== About this task ==
Data follows below. Repeat exactly the lines between the line holding "conmemorativo del segundo" and the line holding "ภาพที่ 5 นายกรัฐมนตรี", inclusive, and nothing more; drop pictures.
━━ Input
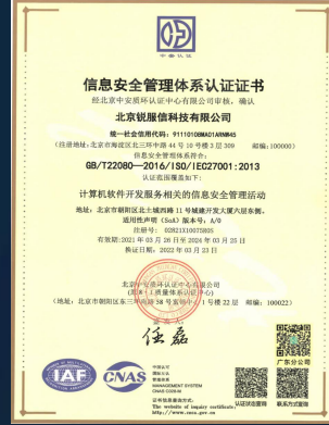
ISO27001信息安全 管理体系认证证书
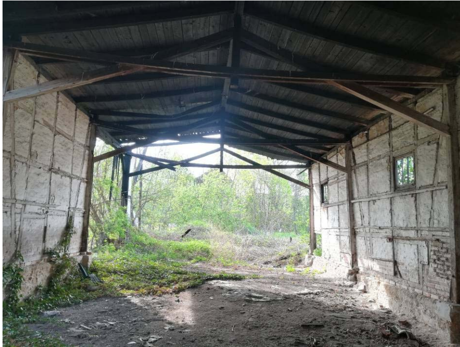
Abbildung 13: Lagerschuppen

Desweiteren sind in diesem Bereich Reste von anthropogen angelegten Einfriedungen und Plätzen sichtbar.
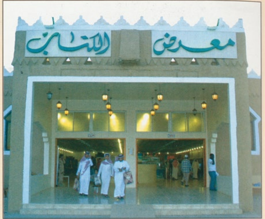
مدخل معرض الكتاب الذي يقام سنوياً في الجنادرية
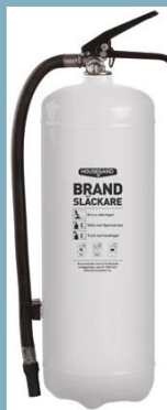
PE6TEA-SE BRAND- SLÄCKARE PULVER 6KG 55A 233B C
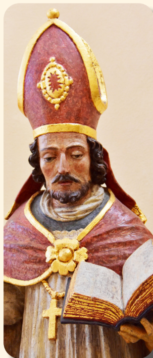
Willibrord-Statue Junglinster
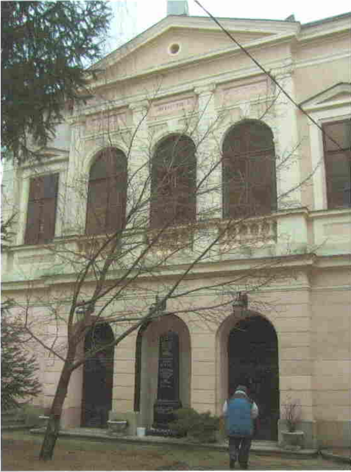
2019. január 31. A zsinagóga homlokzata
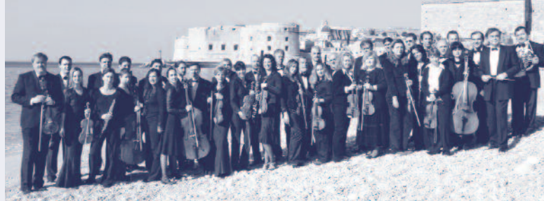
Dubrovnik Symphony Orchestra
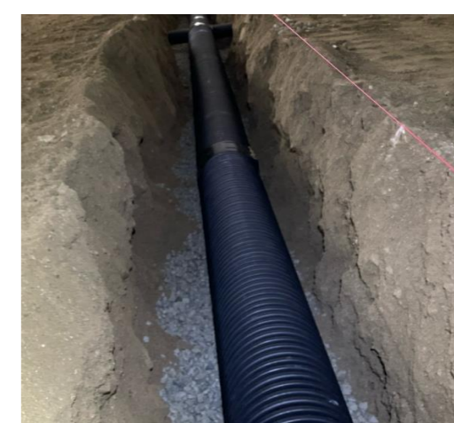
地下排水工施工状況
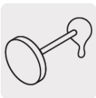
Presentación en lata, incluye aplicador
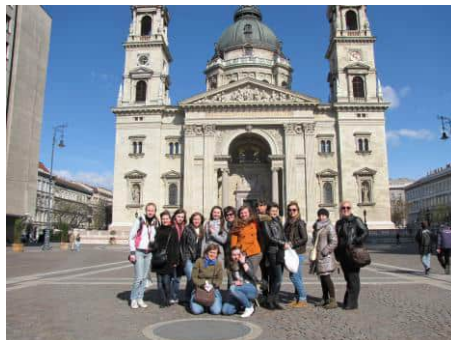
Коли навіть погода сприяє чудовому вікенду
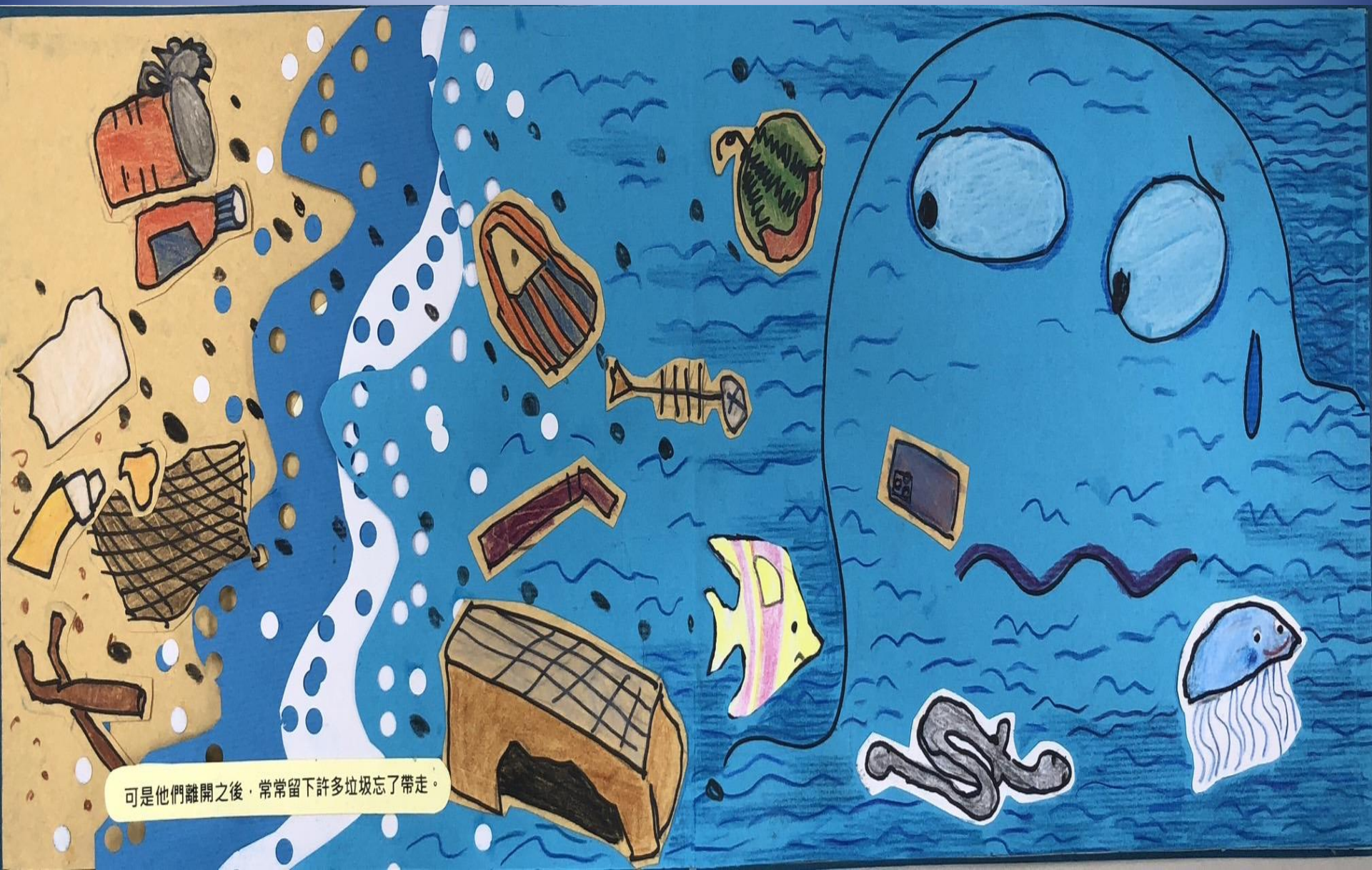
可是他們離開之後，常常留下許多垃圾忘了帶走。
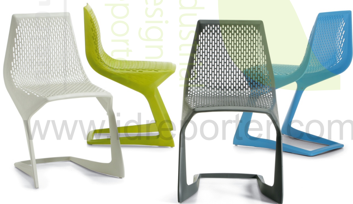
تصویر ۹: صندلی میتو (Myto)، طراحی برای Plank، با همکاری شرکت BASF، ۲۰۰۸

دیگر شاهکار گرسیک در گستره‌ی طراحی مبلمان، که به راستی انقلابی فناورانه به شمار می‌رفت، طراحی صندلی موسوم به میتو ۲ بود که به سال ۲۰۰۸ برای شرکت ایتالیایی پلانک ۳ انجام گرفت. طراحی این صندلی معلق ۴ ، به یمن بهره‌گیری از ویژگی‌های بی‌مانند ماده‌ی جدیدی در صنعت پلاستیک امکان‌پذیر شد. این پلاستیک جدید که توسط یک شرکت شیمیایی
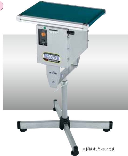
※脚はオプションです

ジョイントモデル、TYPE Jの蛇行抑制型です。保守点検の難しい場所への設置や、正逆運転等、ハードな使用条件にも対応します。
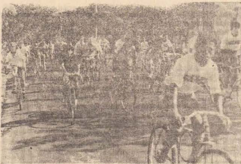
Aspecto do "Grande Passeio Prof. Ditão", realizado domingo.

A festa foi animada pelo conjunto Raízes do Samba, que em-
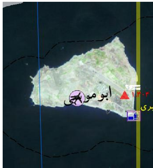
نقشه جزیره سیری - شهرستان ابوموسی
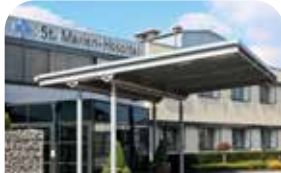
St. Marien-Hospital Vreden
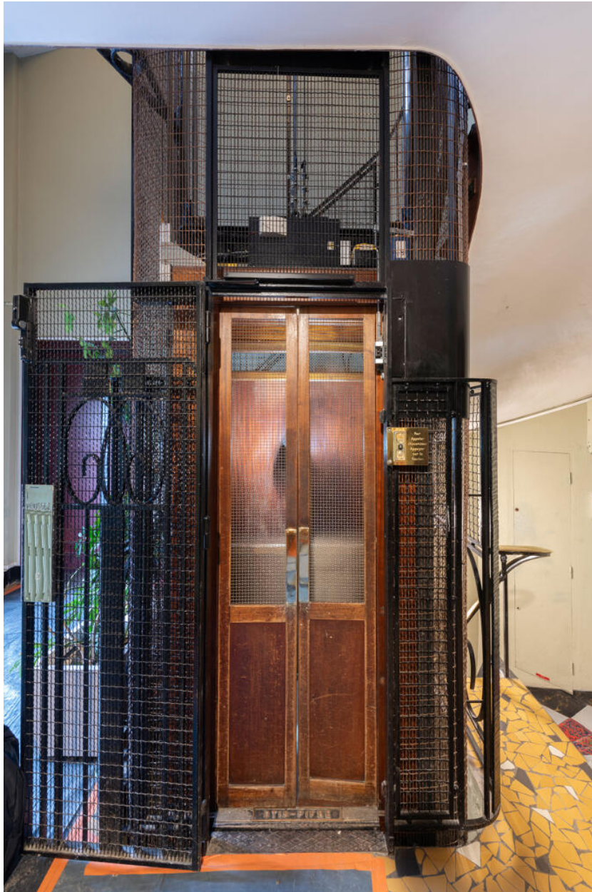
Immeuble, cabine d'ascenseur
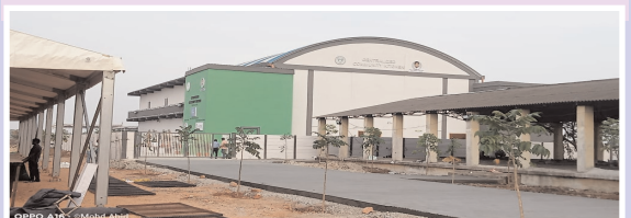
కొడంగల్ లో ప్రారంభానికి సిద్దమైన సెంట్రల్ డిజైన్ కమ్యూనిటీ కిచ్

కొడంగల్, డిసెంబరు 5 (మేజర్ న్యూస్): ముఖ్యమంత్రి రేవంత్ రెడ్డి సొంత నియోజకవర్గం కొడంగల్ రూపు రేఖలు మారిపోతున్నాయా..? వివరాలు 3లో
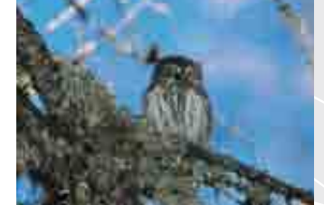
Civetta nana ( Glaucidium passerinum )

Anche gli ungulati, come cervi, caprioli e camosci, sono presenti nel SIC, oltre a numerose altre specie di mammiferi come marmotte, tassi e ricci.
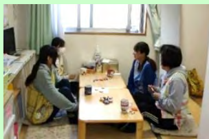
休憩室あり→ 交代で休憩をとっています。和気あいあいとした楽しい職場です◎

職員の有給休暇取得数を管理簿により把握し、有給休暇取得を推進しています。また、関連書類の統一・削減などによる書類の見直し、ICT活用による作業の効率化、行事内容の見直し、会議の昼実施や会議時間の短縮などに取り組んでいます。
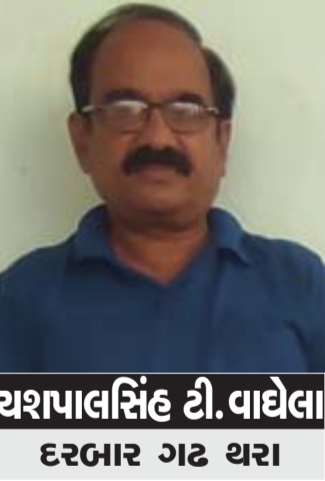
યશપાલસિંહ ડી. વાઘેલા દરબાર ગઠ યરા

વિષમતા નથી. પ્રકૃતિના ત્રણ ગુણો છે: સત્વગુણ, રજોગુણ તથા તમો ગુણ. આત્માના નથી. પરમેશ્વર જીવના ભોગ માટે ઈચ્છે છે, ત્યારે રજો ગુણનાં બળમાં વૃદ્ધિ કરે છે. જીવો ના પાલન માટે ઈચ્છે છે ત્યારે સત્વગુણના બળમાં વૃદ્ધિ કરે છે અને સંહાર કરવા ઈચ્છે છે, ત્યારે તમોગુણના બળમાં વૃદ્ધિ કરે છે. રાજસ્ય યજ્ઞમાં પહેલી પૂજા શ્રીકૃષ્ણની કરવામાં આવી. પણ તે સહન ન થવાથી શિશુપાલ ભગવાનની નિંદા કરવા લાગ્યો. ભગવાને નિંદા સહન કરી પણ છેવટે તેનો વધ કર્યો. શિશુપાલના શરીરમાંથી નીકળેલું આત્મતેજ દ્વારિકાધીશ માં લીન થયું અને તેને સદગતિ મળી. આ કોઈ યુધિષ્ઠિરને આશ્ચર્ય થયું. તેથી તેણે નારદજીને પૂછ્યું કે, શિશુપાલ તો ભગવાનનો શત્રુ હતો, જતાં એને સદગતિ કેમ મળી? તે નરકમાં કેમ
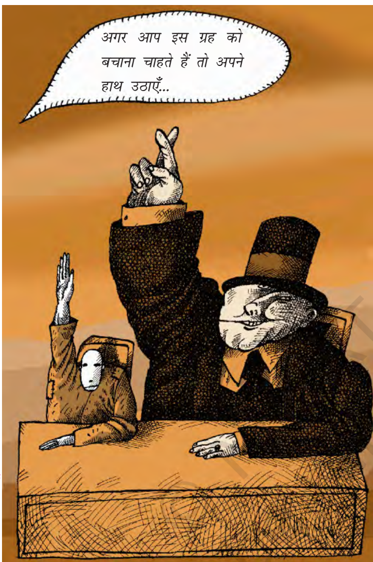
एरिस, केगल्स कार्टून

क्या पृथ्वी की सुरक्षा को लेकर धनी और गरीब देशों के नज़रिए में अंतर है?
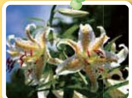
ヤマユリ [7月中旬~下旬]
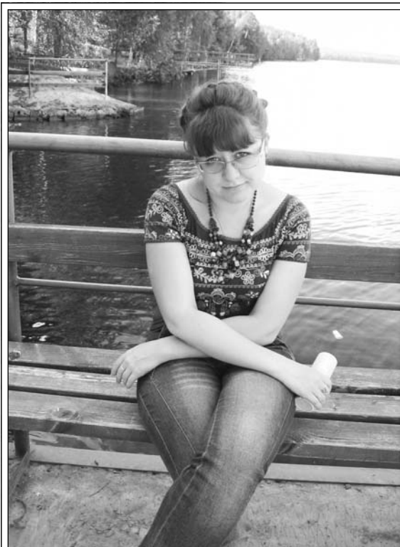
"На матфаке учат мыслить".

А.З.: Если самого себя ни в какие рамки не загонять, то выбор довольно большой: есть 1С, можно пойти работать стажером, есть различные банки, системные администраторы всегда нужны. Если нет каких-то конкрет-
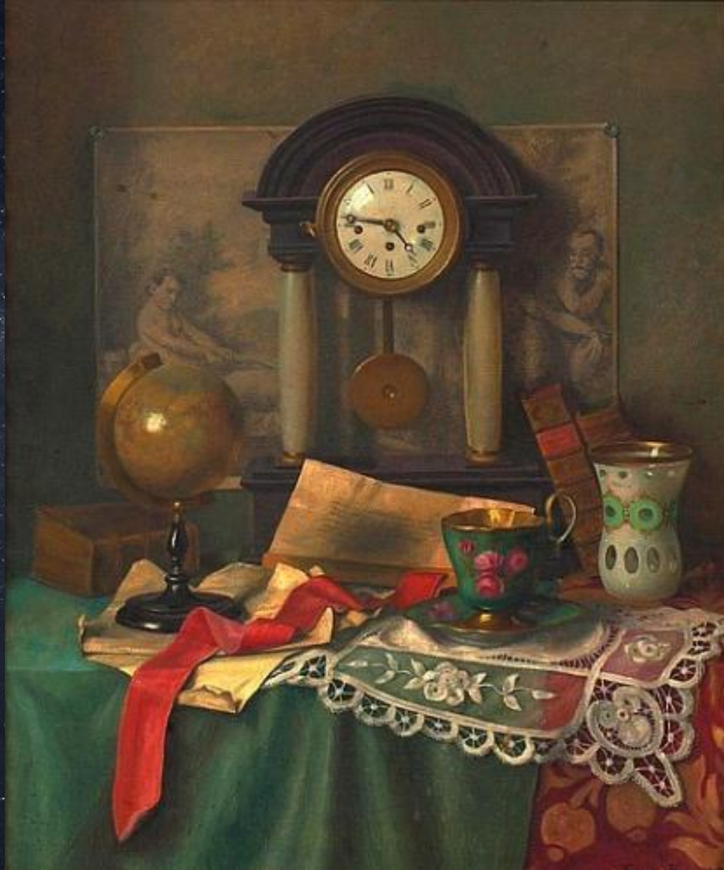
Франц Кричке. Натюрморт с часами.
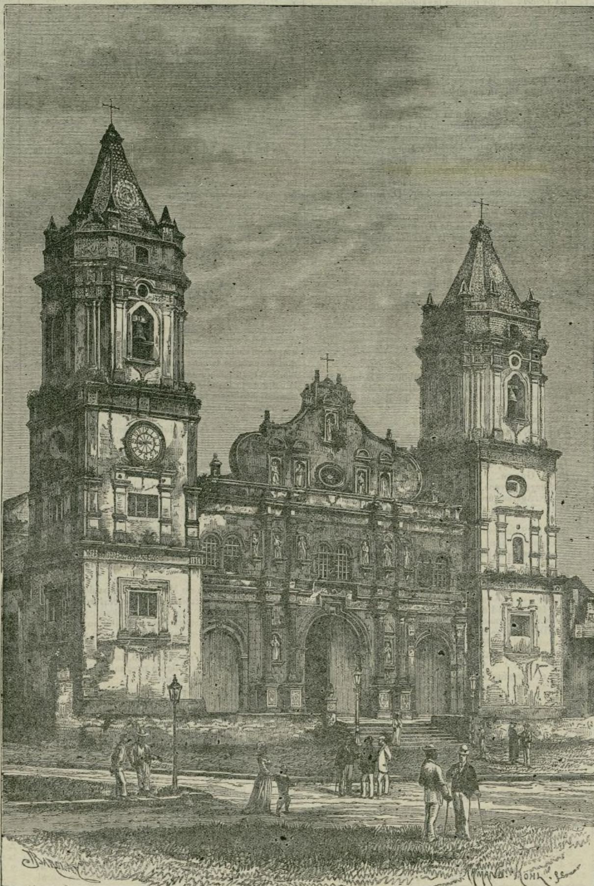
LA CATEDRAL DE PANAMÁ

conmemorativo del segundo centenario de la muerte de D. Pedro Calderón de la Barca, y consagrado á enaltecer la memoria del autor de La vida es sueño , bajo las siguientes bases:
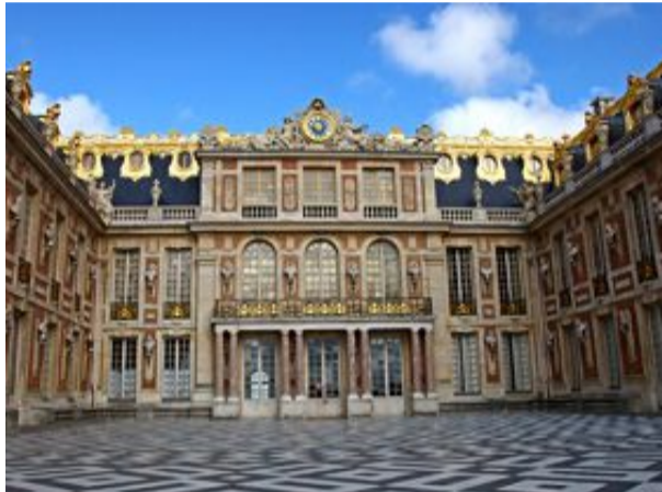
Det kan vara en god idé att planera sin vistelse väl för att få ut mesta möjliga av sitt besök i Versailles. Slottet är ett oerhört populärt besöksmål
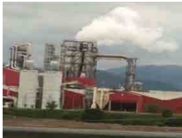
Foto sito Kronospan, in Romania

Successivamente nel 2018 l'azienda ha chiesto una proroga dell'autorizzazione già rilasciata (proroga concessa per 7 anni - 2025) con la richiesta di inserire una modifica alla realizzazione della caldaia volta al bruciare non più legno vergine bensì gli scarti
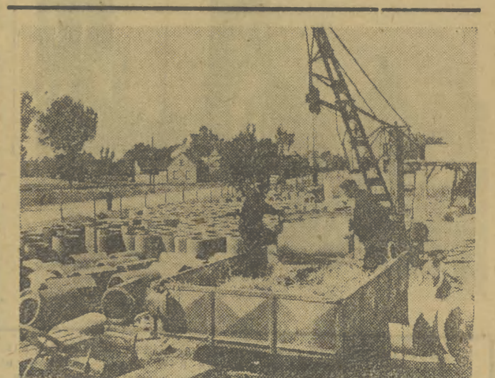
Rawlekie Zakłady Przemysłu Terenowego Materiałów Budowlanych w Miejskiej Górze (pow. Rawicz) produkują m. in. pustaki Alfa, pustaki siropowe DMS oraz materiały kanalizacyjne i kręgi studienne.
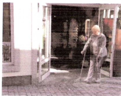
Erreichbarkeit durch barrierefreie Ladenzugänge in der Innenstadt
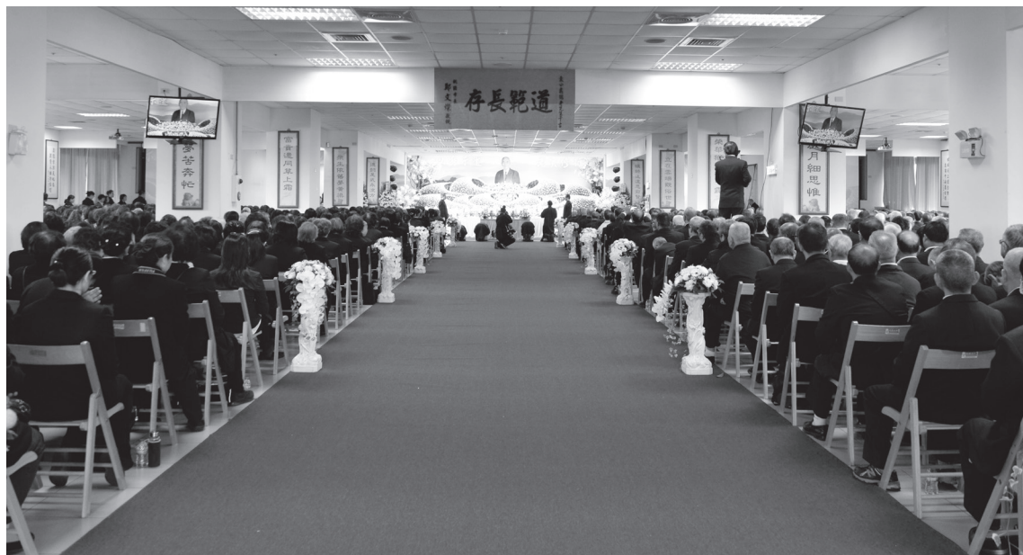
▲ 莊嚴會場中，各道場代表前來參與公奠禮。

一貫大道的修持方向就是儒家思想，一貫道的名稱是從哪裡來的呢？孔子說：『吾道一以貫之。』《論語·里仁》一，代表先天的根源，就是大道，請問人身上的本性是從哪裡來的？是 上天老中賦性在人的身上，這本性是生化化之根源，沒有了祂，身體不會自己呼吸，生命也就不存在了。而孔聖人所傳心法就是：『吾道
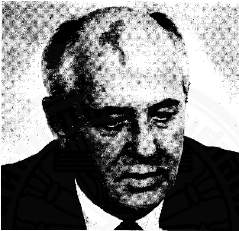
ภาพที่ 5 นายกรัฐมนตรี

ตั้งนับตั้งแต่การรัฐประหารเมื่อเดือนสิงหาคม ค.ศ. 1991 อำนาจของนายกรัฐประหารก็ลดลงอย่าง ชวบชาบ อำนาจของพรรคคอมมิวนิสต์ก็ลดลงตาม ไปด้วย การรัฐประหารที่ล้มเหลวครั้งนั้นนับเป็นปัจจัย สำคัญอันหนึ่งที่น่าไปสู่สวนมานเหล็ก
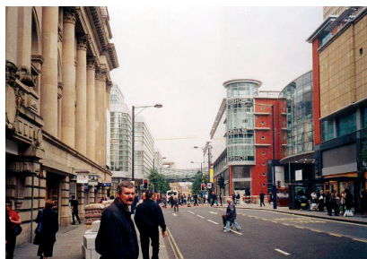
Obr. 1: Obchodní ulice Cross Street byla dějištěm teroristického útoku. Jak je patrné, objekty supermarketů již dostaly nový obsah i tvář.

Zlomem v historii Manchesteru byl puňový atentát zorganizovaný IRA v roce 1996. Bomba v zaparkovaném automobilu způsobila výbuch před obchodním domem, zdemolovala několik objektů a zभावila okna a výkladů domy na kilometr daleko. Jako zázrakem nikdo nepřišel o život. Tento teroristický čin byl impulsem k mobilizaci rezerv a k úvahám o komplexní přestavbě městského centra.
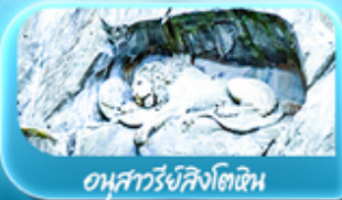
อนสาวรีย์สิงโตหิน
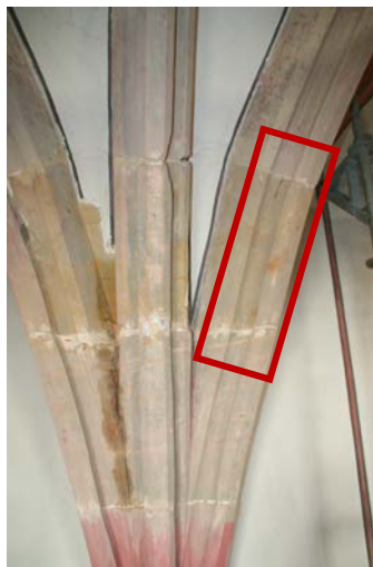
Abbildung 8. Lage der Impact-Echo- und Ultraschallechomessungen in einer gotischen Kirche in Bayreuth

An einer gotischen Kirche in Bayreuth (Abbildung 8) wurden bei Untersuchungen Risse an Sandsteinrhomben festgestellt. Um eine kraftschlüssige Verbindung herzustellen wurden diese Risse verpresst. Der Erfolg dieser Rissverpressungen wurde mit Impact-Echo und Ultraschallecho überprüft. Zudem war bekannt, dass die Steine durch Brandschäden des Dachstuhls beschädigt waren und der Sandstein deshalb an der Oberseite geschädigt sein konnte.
━━━━
== Written reply ==
conmemorativo del segundo centenario de la muerte de D. Pedro Calderón de la Barca, y consagrado á enaltecer la memoria del autor de La vida es sueño , bajo las siguientes bases:
Det kan vara en god idé att planera sin vistelse väl för att få ut mesta möjliga av sitt besök i Versailles. Slottet är ett oerhört populärt besöksmål
Foto sito Kronospan, in Romania

Successivamente nel 2018 l'azienda ha chiesto una proroga dell'autorizzazione già rilasciata (proroga concessa per 7 anni - 2025) con la richiesta di inserire una modifica alla realizzazione della caldaia volta al bruciare non più legno vergine bensì gli scarti
Rawlekie Zakłady Przemysłu Terenowego Materiałów Budowlanych w Miejskiej Górze (pow. Rawicz) produkują m. in. pustaki Alfa, pustaki siropowe DMS oraz materiały kanalizacyjne i kręgi studienne.
Erreichbarkeit durch barrierefreie Ladenzugänge in der Innenstadt
▲ 莊嚴會場中，各道場代表前來參與公奠禮。

一貫大道的修持方向就是儒家思想，一貫道的名稱是從哪裡來的呢？孔子說：『吾道一以貫之。』《論語·里仁》一，代表先天的根源，就是大道，請問人身上的本性是從哪裡來的？是 上天老中賦性在人的身上，這本性是生化化之根源，沒有了祂，身體不會自己呼吸，生命也就不存在了。而孔聖人所傳心法就是：『吾道
ภาพที่ 5 นายกรัฐมนตรี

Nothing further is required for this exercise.